Here is a crude way which i think should work, given the Dataframe shown above:
dfpiv = df.pivot(index=df.index, columns='grouper')
cols_flat = [dfpiv.columns.levels[0][i] + str(dfpiv.columns.levels[1][j]) for i, j in zip(dfpiv.columns.labels[0], dfpiv.columns.labels[1])]
dfpiv.columns = cols_flat
dfpiv = dfpiv.stack(0)
sns.boxplot(dfpiv, groupby=dfpiv.index.get_level_values(1))
Perhaps there are more fancy ways of restructuring the Dataframe. Especially the flattening of the hierarchy after pivoting is hard to read, i dont like it.
This is a new answer for an old question because in seaborn and pandas are some changes through version updates. Because of this changes the answer of Rutger is not working anymore.
The most important changes are from seaborn==v0.5.x to seaborn==v0.6.0. I quote the log:
Changes to boxplot() and violinplot() will probably be the most disruptive. Both functions maintain backwards-compatibility in terms of the kind of data they can accept, but the syntax has changed to be more similar to other seaborn functions. These functions are now invoked with x and/or y parameters that are either vectors of data or names of variables in a long-form DataFrame passed to the new data parameter.
Let's now go through the examples:
# preamble
import pandas as pd # version 1.1.4
import seaborn as sns # version 0.11.0
sns.set_theme()
Example 1: Simple Boxplot
df = pd.DataFrame([[2, 1] ,[4, 2],[5, 1],
[10, 2],[9, 2],[3, 1]
], columns=['a', 'b'])
#Plotting by seaborn with x and y as parameter
sns.boxplot(x='b', y='a', data=df)
Example 2: Boxplot with grouper
df = pd.DataFrame([[2, 5, 1], [4, 9, 2],[5, 3, 1],
[10, 6, 2],[9, 7, 2],[3, 11, 1]
], columns=['a', 'b', 'grouper'])
# usinge pandas melt
df_long = pd.melt(df, "grouper", var_name='a', value_name='b')

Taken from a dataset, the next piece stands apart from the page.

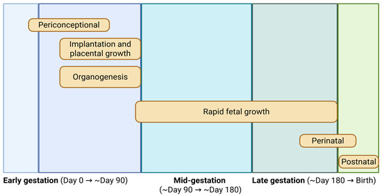 The stage of gestation during which maternal nutritional insults occur plays a pivotal role in determining the nature, magnitude, and persistence of developmental programming effects. Each phase of pregnancy is associated with unique developmental milestones (Figure 2), and disruptions during these windows can yield specific and often irreversible consequences for fetal growth, organogenesis, and long-term physiological function. While the total energy demands of pregnancy increase with advancing gestation, the earliest stages are particularly sensitive to maternal nutritional status. During early gestation—approximately the first 50 days in cattle—the conceptus undergoes rapid cellular proliferation and morphogenesis, transitioning from a single-celled zygote to a structurally organized embryo with developing organ systems and the formation of the placenta [27,51]. This period is marked by high tissue doubling rates and extensive cellular differentiation. Adequate nutrient supply during this phase is essential to support the foundational processes of organ development, tissue patterning, and vascularization of the uteroplacental interface [52]. Recent data indicate that maternal nutrient metabolism undergoes dynamic adaptation during gestation. For instance, a study in sheep demonstrated differential regulation of hepatic and intestinal PI3K/AKT/mTOR signaling across pregnancy stages, reflecting tissue- and stage-specific metabolic remodeling in response to gestation [53]. Nutritional deficits during early pregnancy can disrupt the formation and function of the placenta, impair critical pathways in organ development, and alter the epigenetic landscape of the fetus. Importantly, such changes may not manifest as low birth weight, yet they can result in enduring alterations in metabolic capacity, endocrine regulation, and immune competence [54]. Several studies have shown that maternal stressors—whether nutritional, metabolic, or environmental—during this early window can program offspring for reduced postnatal growth, altered glucose and lipid metabolism, and increased susceptibility to disease, independent of birth weight [55,56].

# join two columns together
df_long['a'] = df_long['a'].astype(str) + df_long['grouper'].astype(str)
sns.boxplot(x='a', y='b', data=df_long)
Example 3: rearanging the DataFrame to pass is directly to seaborn
def df_rename_by_group(data:pd.DataFrame, col:str)->pd.DataFrame:
'''This function takes a DataFrame, groups by one column and returns
a new DataFrame where the old columnnames are extended by the group item.
'''
grouper = df.groupby(col)
max_length_of_group = max([len(values) for item, values in grouper.indices.items()])

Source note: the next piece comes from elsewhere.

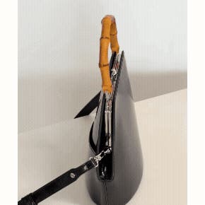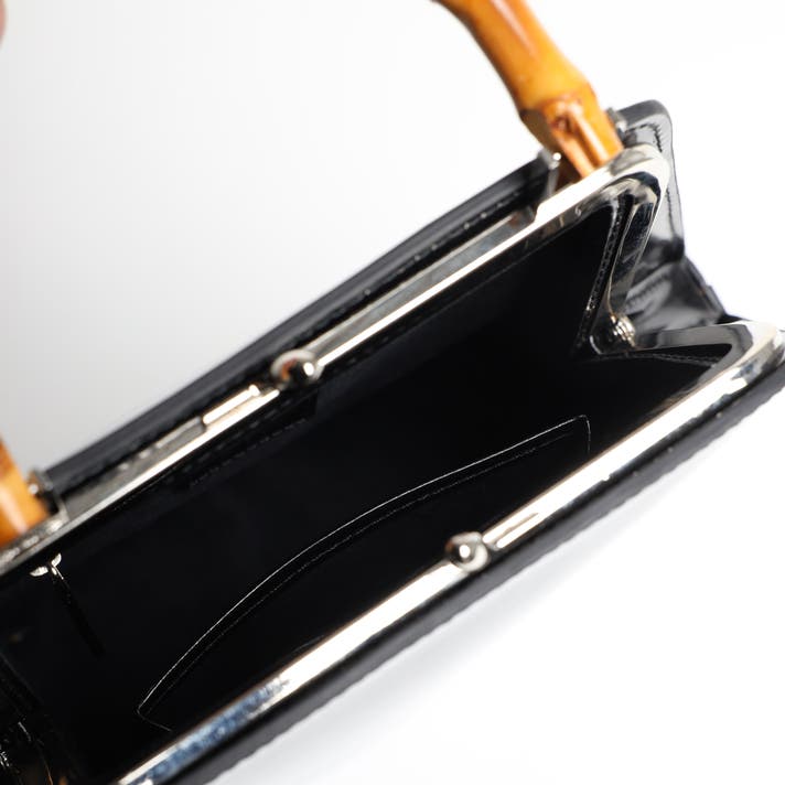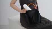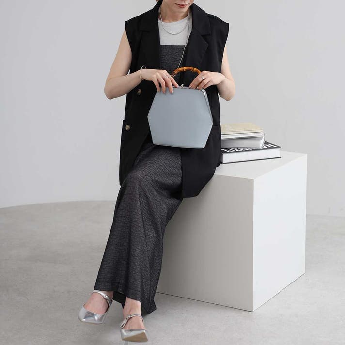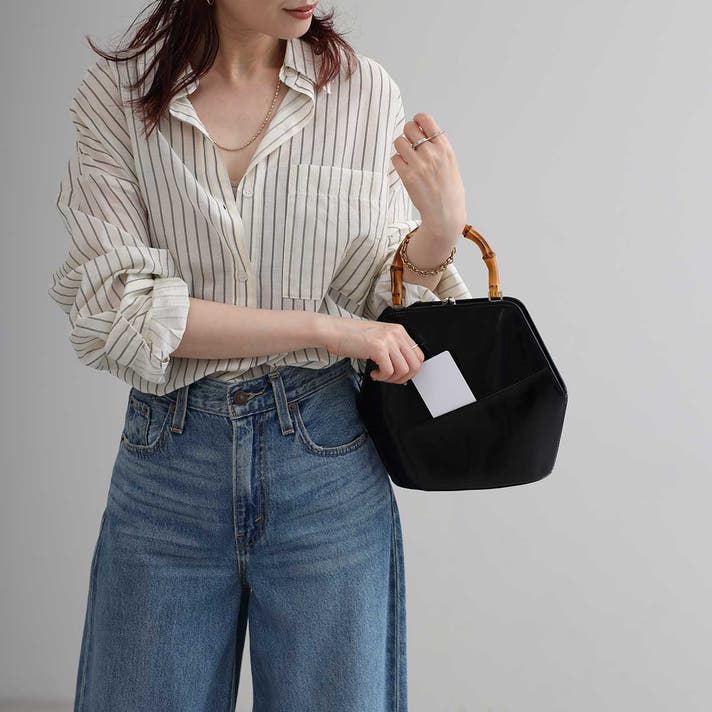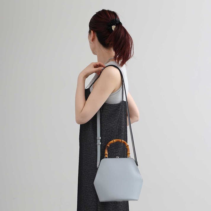 バンブーハンドルを持てば、フォーマルなシーンや上品な装いに映えるエレガントな佇まい。ワンピースなどに合わせて、エレガントにハンドバッグとしてお持ちください 。

_df = pd.DataFrame(index=range(max_length_of_group))
for i in grouper.groups.keys():
helper = grouper.get_group(i).drop(col, axis=1).add_suffix(str(i))
helper.reset_index(drop=True, inplace=True)
_df = _df.join(helper)
return _df
df = pd.DataFrame([[2, 5, 1], [4, 9, 2],[5, 3, 1],
[10, 6, 2],[9, 7, 2],[3, 11, 1]
], columns=['a', 'b', 'grouper'])
df_new = df_rename_by_group(data=df, col='grouper')
sns.boxplot(data=df_new)
I really hope this answer helps to avoid some confusion.
sns.boxplot() doesnot take groupby.
Probably you are gonna see
TypeError: boxplot() got an unexpected keyword argument 'groupby'.
The best idea to group data and use in boxplot passing the data as groupby dataframe value.
import seaborn as sns
grouDataFrame = nameDataFrame(['A'])['B'].agg(sum).reset_index()
sns.boxplot(y='B', x='A', data=grouDataFrame)
Here B column data contains numeric value and grouped is done on the basis of A. All the grouped value with their respective column are added and boxplot diagram is plotted. Hope this helps.